> **RECORDS FOR THE TASK**

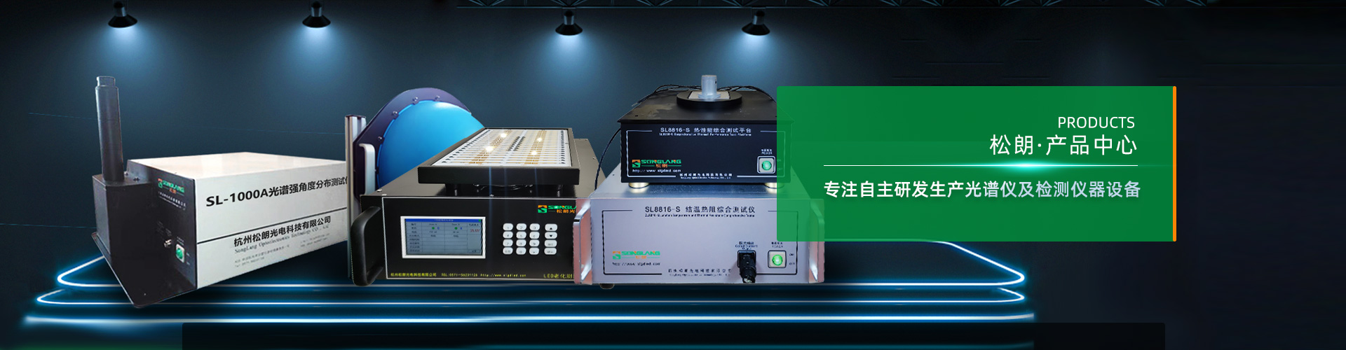杭州松朗光電主營光譜儀,積分球,照度計,功率計,標準光源,輻照度,透光率測試儀,輻射強度,靜電放電發生器,配光曲線,分布光度計,工頻磁場發生器,色彩分析儀,uv能量計,反射率測試儀,成像亮度計等儀器設備.
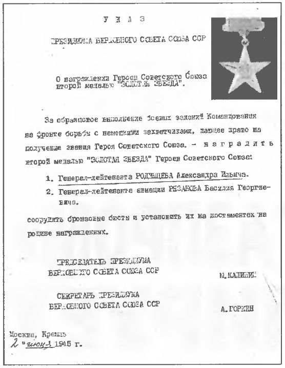 Но вот, наконец, долгожданный наградной лист от 24 февраля 1945 года, подписанный тоже Жадовым. Перечисление всех военных подвигов Родимцева и вывод:
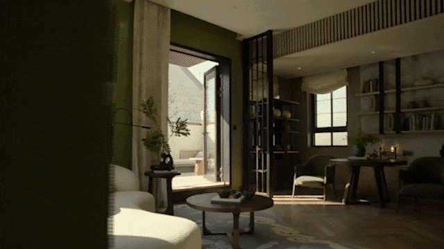 会所也由傅厚民设计,室内通过诸多细节,展示连接过去与现在的对话。例如,特别设计了一条结合石库门拱门元素的通道,让人们在这里就能感受到一段传承的历史记忆。
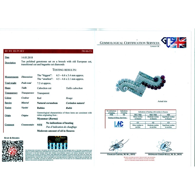 Accompanied by report number 78146-75 dated 14th March 2018 from GCS, London stating that the rubies are natural with no indications of heating, moderate amounts of oil in fissure. Origin: Burma
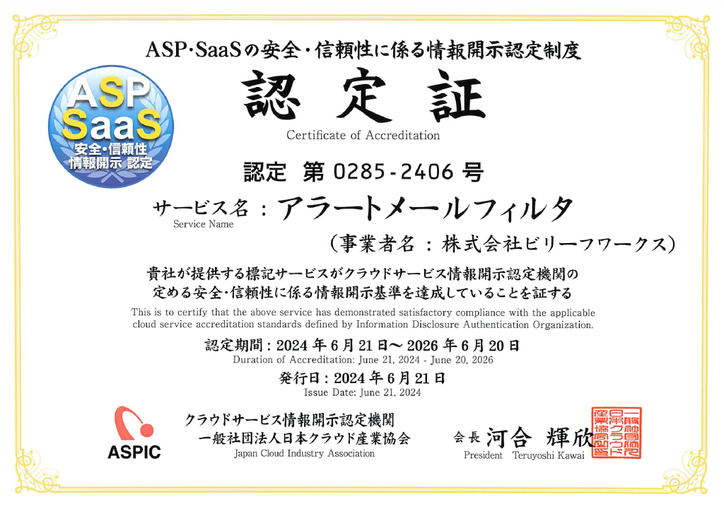 ・日本クラウド産業協会(ASPIC)「情報開示認定制度」認定サービス
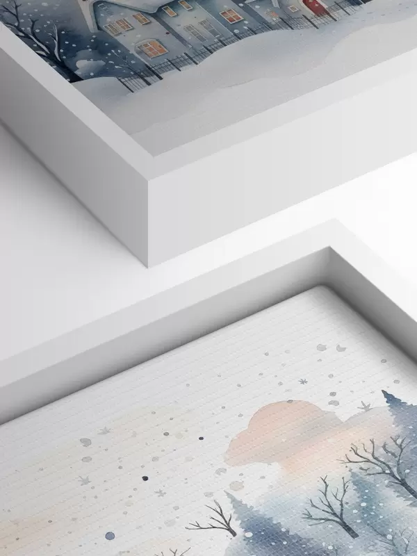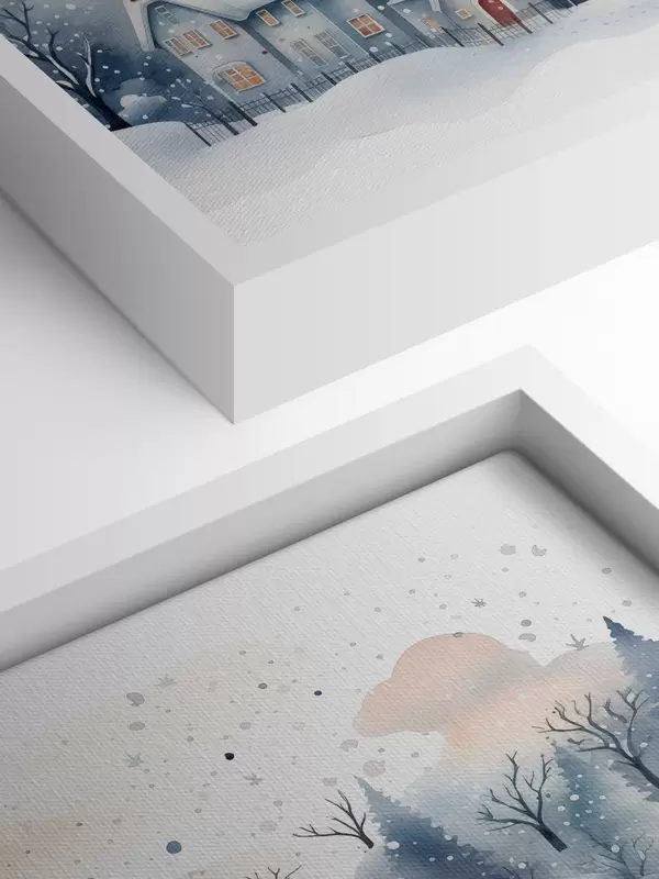 Maalid Akvarell talvemaastik majade ja männimetsaga Nr s41389
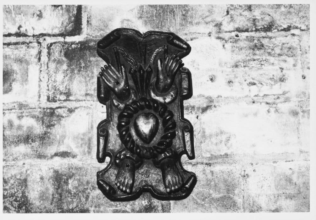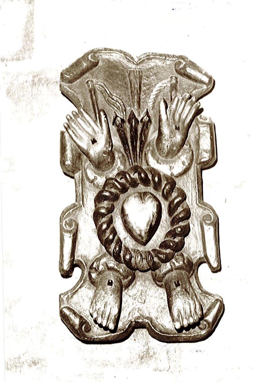 stigmates : main, pied ; Instrument de la Passion : La couronne d'épines, Les clous ; coeur ; Sacré-Coeur ; fouet
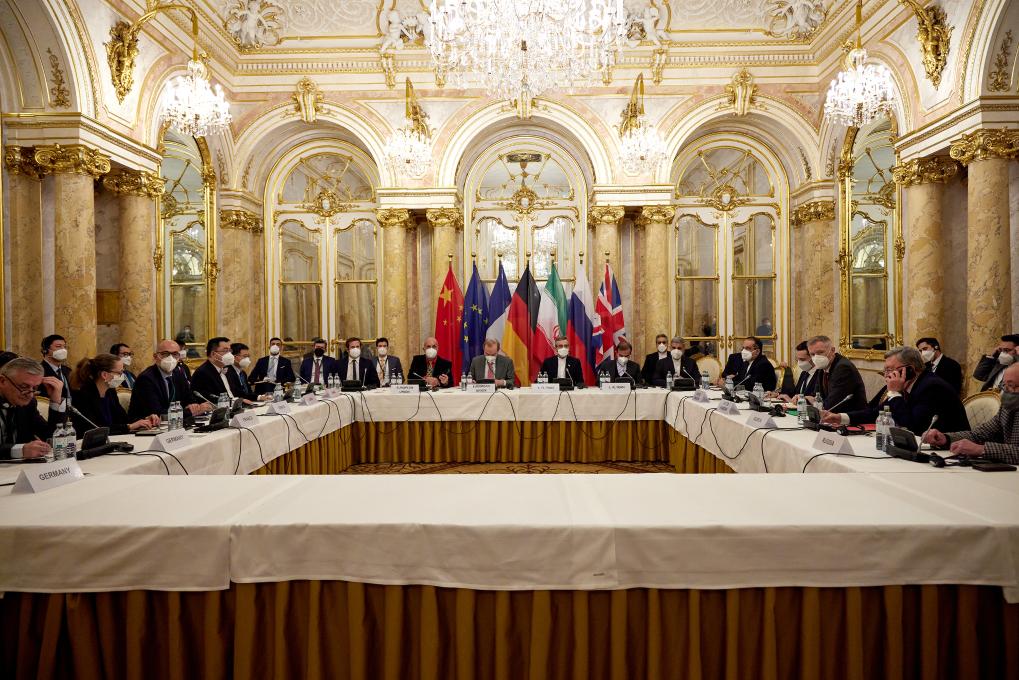 這是2021年12月27日在奧地利維也納拍攝的伊朗核問題全面協(xié)議聯(lián)合委員會政治總司長級會議現(xiàn)場。新華社發(fā)(歐盟駐維也納代表團供圖)
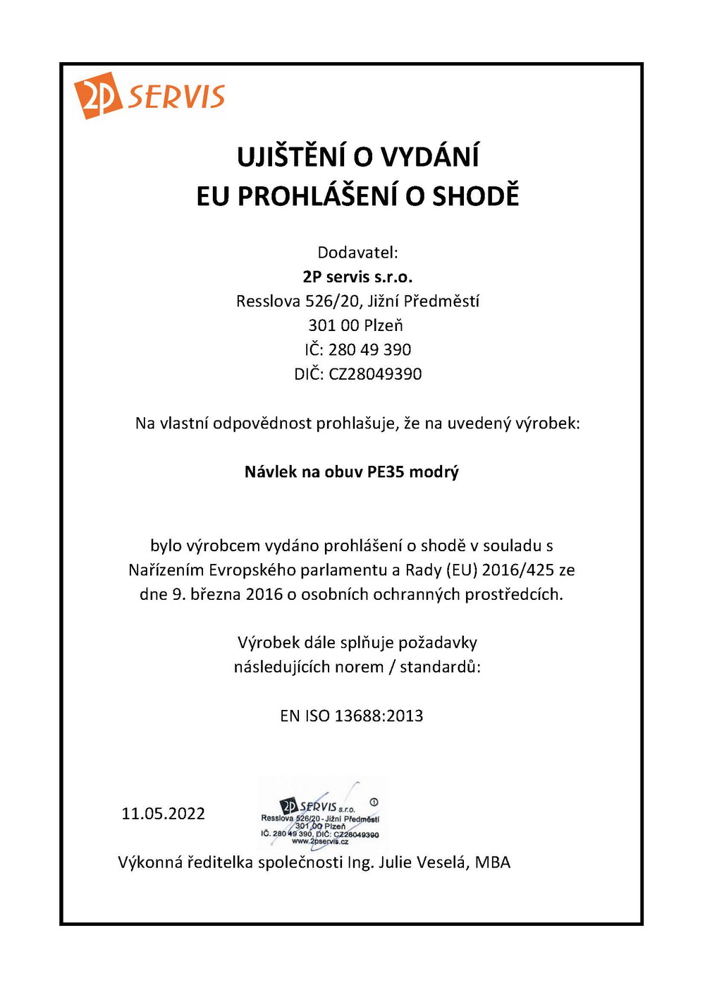 Ochranné návleky na boty a obuv jednorázové STANDARD CPE35 jsou vyrobeny z 100% polyetylenu / igelitu modré barvy, který je odolný a jsou tím pádem určeny pro vyšší zátěž. Výborně slouží především jako oCchrana podlahových povrchů před znečištěním či dokonce poškozením. Materiál: polyetylen 0,025mm 24g/m2. Hmotnost: 3,5g/ks. Rozměr: 15 x 41cm. Balení: 100 kusů, 2000 kusů v kartonu.

> **EXERCISE PROMPT**
Please print the lines above word for word, starting at the one with "Но вот, наконец, долгожданный" and ending at the one with "這是2021年12月27日在", both included, and without any picture.

> **FINAL ANSWER**
 Но вот, наконец, долгожданный наградной лист от 24 февраля 1945 года, подписанный тоже Жадовым. Перечисление всех военных подвигов Родимцева и вывод:
 会所也由傅厚民设计,室内通过诸多细节,展示连接过去与现在的对话。例如,特别设计了一条结合石库门拱门元素的通道,让人们在这里就能感受到一段传承的历史记忆。
 Accompanied by report number 78146-75 dated 14th March 2018 from GCS, London stating that the rubies are natural with no indications of heating, moderate amounts of oil in fissure. Origin: Burma
 ・日本クラウド産業協会(ASPIC)「情報開示認定制度」認定サービス
 Maalid Akvarell talvemaastik majade ja männimetsaga Nr s41389
 stigmates : main, pied ; Instrument de la Passion : La couronne d'épines, Les clous ; coeur ; Sacré-Coeur ; fouet
 這是2021年12月27日在奧地利維也納拍攝的伊朗核問題全面協(xié)議聯(lián)合委員會政治總司長級會議現(xiàn)場。新華社發(fā)(歐盟駐維也納代表團供圖)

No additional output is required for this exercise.